PDF slideshow with captions briefly explaining the charts and photos. The face-to-face presentation to Thai and Japanese university students and staff is particularly for a group visiting from Rangsit University near Bangkok, Thailand. The presenter is a Japan specialist teaching classes at Osaka Jogakuin University on Intercultural Communication and Bilingualism. The presentation briefly discusses what culture is, world cultures and values, and comparative culture, mentioning other countries including Japan, Thailand, and India. The main topic is American culture and multiculturalism. The U.S. is diverse and multicultural, so it is difficult to generalize about what American culture is, but some American traditions are presented along with cultural research findings. The presentation aims for objectivity as well as frankness, so readers may draw their own conclusions.
2. At Osaka Jogakuin University (大阪女学院大学), I teach
Bilingualism and Intercultural Communication classes.
I was born in Boston, so I will show you some photos.
However, in graduate school, I specialized in Japan at
the University of Hawaii.
6. Based on E.T. Hall’s
Cultural Iceberg Model
(1976). Parts of a culture
that you can see are not as
important as parts that
are hard to see. Therefore,
Hall taught that the only
way to learn the internal
culture of others is to
actively participate in their
culture. We need to get to
know individuals from
that culture.
7. Comparing countries according to Hofstede’s cultural dimensions.
E.g., the U.S. is most individualistic, Thailand is collectivistic, and
Japan is near the average or balanced (Shaules & Abe, 2007, p.5).

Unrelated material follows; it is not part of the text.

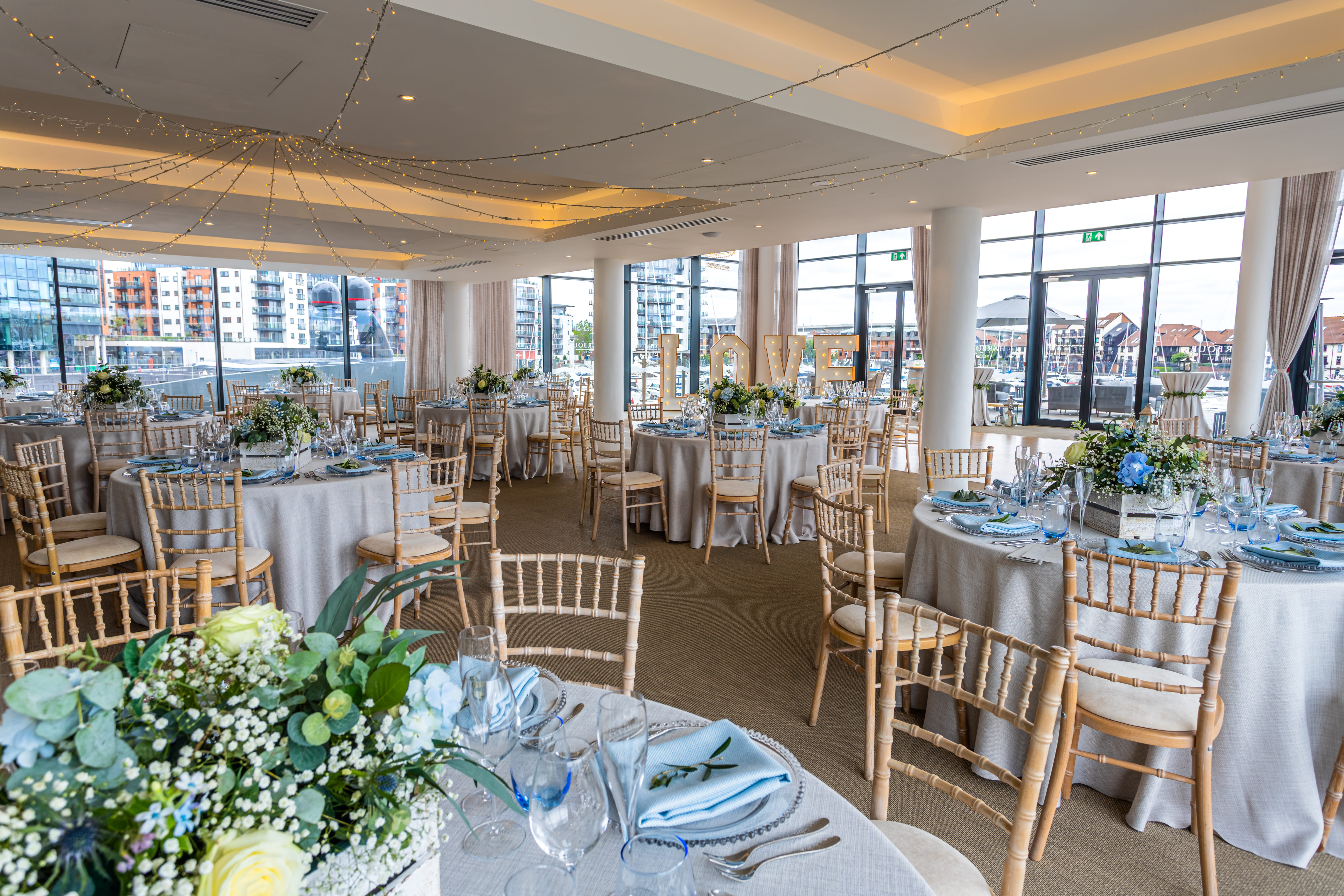 This large and impressive first-floor event room features floor-to-ceiling windows, spectacular sparkling chandeliers, and panoramic views of the marina and Solent seascape. It is ideally suited to large conferences, receptions, and events.
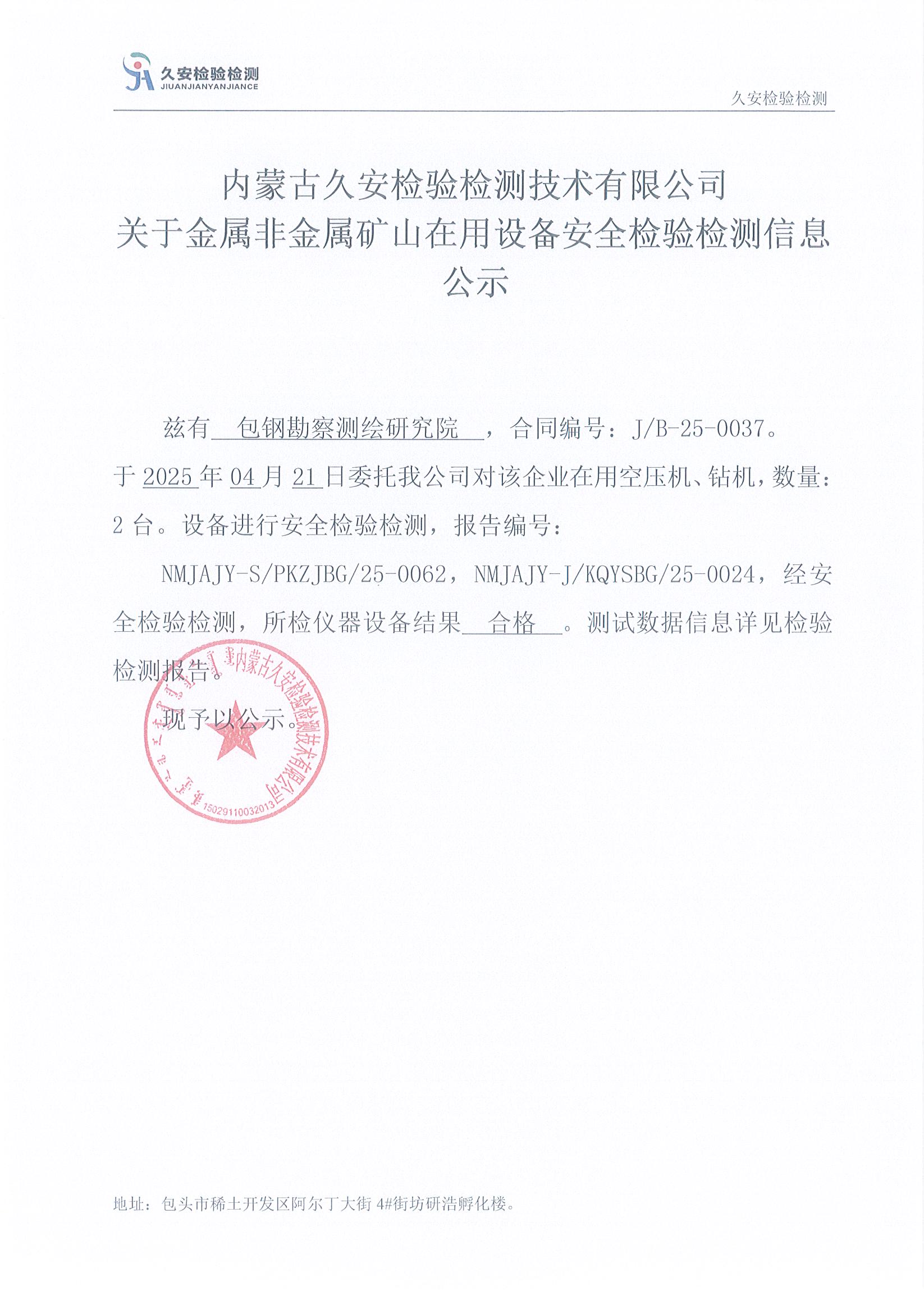38.包钢勘察测绘研究院金属非金属矿山在用设备安全检验检测信息公示

8. Immigrants from Japan are only about 1% of the U.S. population,
and they live in relatively safe, wealthy areas (compare next map).
9. The U.S. has extremes of wealth and poverty, safe and unsafe areas. Most murders take
place in poor areas of cities, usually killing people they know. There are also mass killings
at schools and other public places by disturbed individuals who can buy military rifles.
Factors such as the frontier tradition of rough individualism make the problem too hard
to solve. Wealthier people are in a better position to avoid the gun violence and crime.
10. The U.S. leads the world in power and wealth, largely thanks to
immigrants. Because all kinds of people from around the world
live in the U.S., it is difficult to say in general what American
culture is. You would have to look to history, geography, and
legal traditions such as the Constitution and Bill of Rights.
12. The U.S. is multicultural, and there are always new combinations.
Some people enjoy the diversity, while cultural conservatives
oppose immigration, greater freedom for women, and other social
changes. In Japan also, individuals are free to like foreigners or not.
But the U.S. is divided, not united, and there are many challenges.